Data extract.
====================
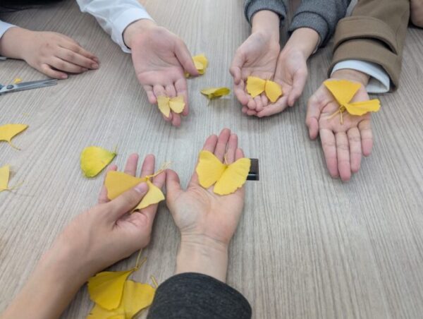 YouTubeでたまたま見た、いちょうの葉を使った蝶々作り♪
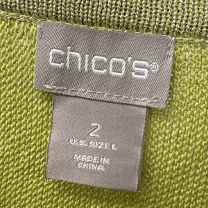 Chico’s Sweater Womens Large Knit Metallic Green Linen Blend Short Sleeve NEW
====================
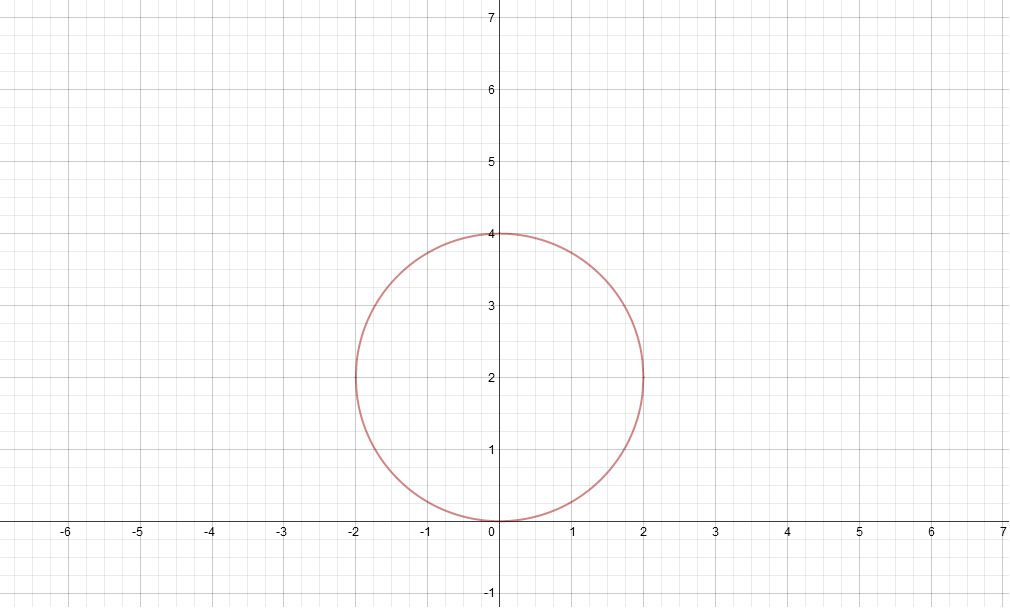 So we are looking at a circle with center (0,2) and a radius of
====================
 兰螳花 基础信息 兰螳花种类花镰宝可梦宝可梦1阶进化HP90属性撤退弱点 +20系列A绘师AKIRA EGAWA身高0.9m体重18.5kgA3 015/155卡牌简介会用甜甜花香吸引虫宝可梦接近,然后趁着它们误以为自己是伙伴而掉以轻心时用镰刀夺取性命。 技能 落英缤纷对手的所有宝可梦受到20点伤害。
====================
What is needed.
From the records above, transcribe only the stretch from the line with "YouTubeでたまたま見た、いちょうの葉を使った蝶々作り♪" through the line with "Chico’s Sweater Womens", keeping both ends. Omit pictures.

Response to the exercise.
 YouTubeでたまたま見た、いちょうの葉を使った蝶々作り♪
 Chico’s Sweater Womens Large Knit Metallic Green Linen Blend Short Sleeve NEW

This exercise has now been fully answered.